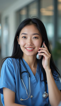A cheerful young Asian nurse in scrubs is smiling while talking on the phone, radiating warmth and professionalism. Her confident demeanor and caring expression highlight the essential role of healthcare workers in providing support and communication.
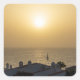 Aussicht auf die Bungalow-Anlage mit einem Segelboot bei Sonnenuntergang in Costa Adeje, Spanien, Teneriffa
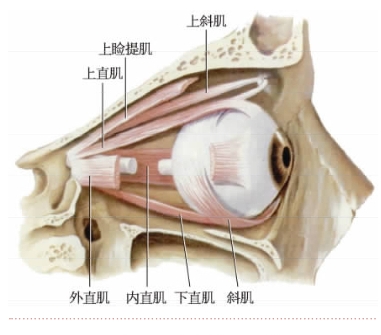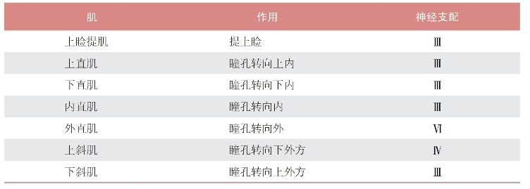 眼球外肌包括运动眼球的4块直肌、2块斜肌和上提上眼睑的上睑提肌,都是骨骼肌(图11-2-13)。各直肌共同起自视神经管周围的总腱环,在眼球中纬线的前方,分别止于巩膜的上侧、下侧、内侧和外侧面。眼外肌的作用和神经支配详见表11-2-1。
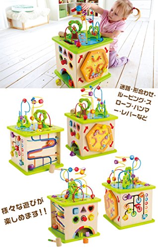 ドイツのおもちゃメーカーHape(ハペ)のたくさんの遊びがつまった箱型木製知育玩具です。 迷路・形合わせ・レバー・飛ぶ動物・泳ぐ動物・ケロケロ鳴くかえるなどが、にぎやかに集まったカラフルな5面アクティビティセンターです。 水性塗料を塗った丈夫なつくりは、何年にもわたって、楽しいアクティビティを提供します。
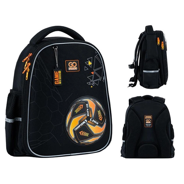 Рюкзак шкільний напівкаркасний ортопедичний для першокласника GoPack Education It's a Goal Time, для хлопчиків, чорний (GO25
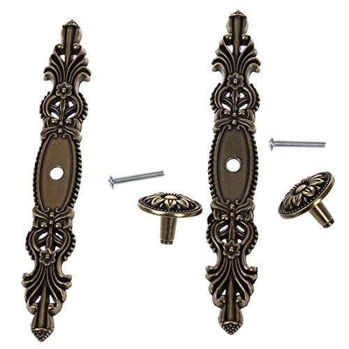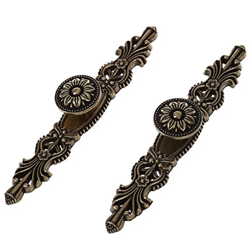 SODIAL(R)2個 165ミリメートル アンティークブロンズ フラワー キャビネットハンドル コンパートメント ワードローブ ドア プル ハンドル

·····

Activity -
Reproduce the entries above exactly, though not their pictures.

Written answer -
A cheerful young Asian nurse in scrubs is smiling while talking on the phone, radiating warmth and professionalism. Her confident demeanor and caring expression highlight the essential role of healthcare workers in providing support and communication.
 Aussicht auf die Bungalow-Anlage mit einem Segelboot bei Sonnenuntergang in Costa Adeje, Spanien, Teneriffa
 眼球外肌包括运动眼球的4块直肌、2块斜肌和上提上眼睑的上睑提肌,都是骨骼肌(图11-2-13)。各直肌共同起自视神经管周围的总腱环,在眼球中纬线的前方,分别止于巩膜的上侧、下侧、内侧和外侧面。眼外肌的作用和神经支配详见表11-2-1。
 ドイツのおもちゃメーカーHape(ハペ)のたくさんの遊びがつまった箱型木製知育玩具です。 迷路・形合わせ・レバー・飛ぶ動物・泳ぐ動物・ケロケロ鳴くかえるなどが、にぎやかに集まったカラフルな5面アクティビティセンターです。 水性塗料を塗った丈夫なつくりは、何年にもわたって、楽しいアクティビティを提供します。
 Рюкзак шкільний напівкаркасний ортопедичний для першокласника GoPack Education It's a Goal Time, для хлопчиків, чорний (GO25
 SODIAL(R)2個 165ミリメートル アンティークブロンズ フラワー キャビネットハンドル コンパートメント ワードローブ ドア プル ハンドル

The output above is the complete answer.